The ceasefire lasted until November 2020, when Moroccan troops attacked Saharawi civilians who were peacefully protesting in front of the illegal crossing at el Guerguerat. This restarted the war between the Polisario and the Moroccan regime.

Meanwhile, in 1975, the International Court of Justice (ICC) determined that Western Sahara was not terra nullius at the time of colonisation, and that the Saharawis had the right of self-determination over their land.

“The 1975 ICC case over Western Sahara was, in fact, used as a precedent by the Australian High Court in the Mabo Native Title decision in 1992,” Fadel said.

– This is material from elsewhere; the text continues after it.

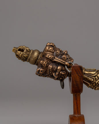 The dagger's superb hilt detailing demonstrates the talent and dedication of traditional craftspeople. Its three-sided blade aligns the user with spiritual harmony by cutting through ignorance, want, and hatred. The Phurba is a transformational symbol in Tibetan spiritual practice intended to eliminate negativity and obstacles. This exquisitely made Phurba is ideal for rituals and meditation or as a sacred ornament to raise the energy of your altar or meditation area.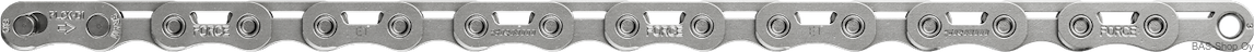 The all-new SRAM Force® chain was redeveloped from the ground up. The unique link shape allows the chain to be narrower and lighter while increasing strength and providing more space between the outer plates of the chain and the cogs on either side. Result: a quieter chain with faster, more precise shifts.

“Morocco continues to obstruct any plans for a free and fair referendum on independence for Western Sahara … UN inaction on this impasse has meant a failure of the peace process till now.

“But Saharawis will never give up on their aspirations, after 50 years of strong resistance,” Fadel said.

Randi Irwin, from the University of Newcastle, spoke about the 2500-kilometre heavily guarded wall Morocco built to divide Western Sahara into a coastal zone occupied by Morocco and an interior section held by the Polisario Front: it gives the Moroccan regime control of 80% of Western Sahara.

The wall, guarded by Moroccan soldiers, is reinforced by 7 million land mines.

Saharawis are forced to live in refugee camps in nearby Algeria. “Stop stealing our future” is one of their demands, referring to corporations extracting oil, gas and phosphate from their land.

Australian companies have been involved in mining phosphate. However, following pressure from supporters of the Saharawi cause, now only one company, Incitec Pivot, is involved in the Western Sahara phosphate trade.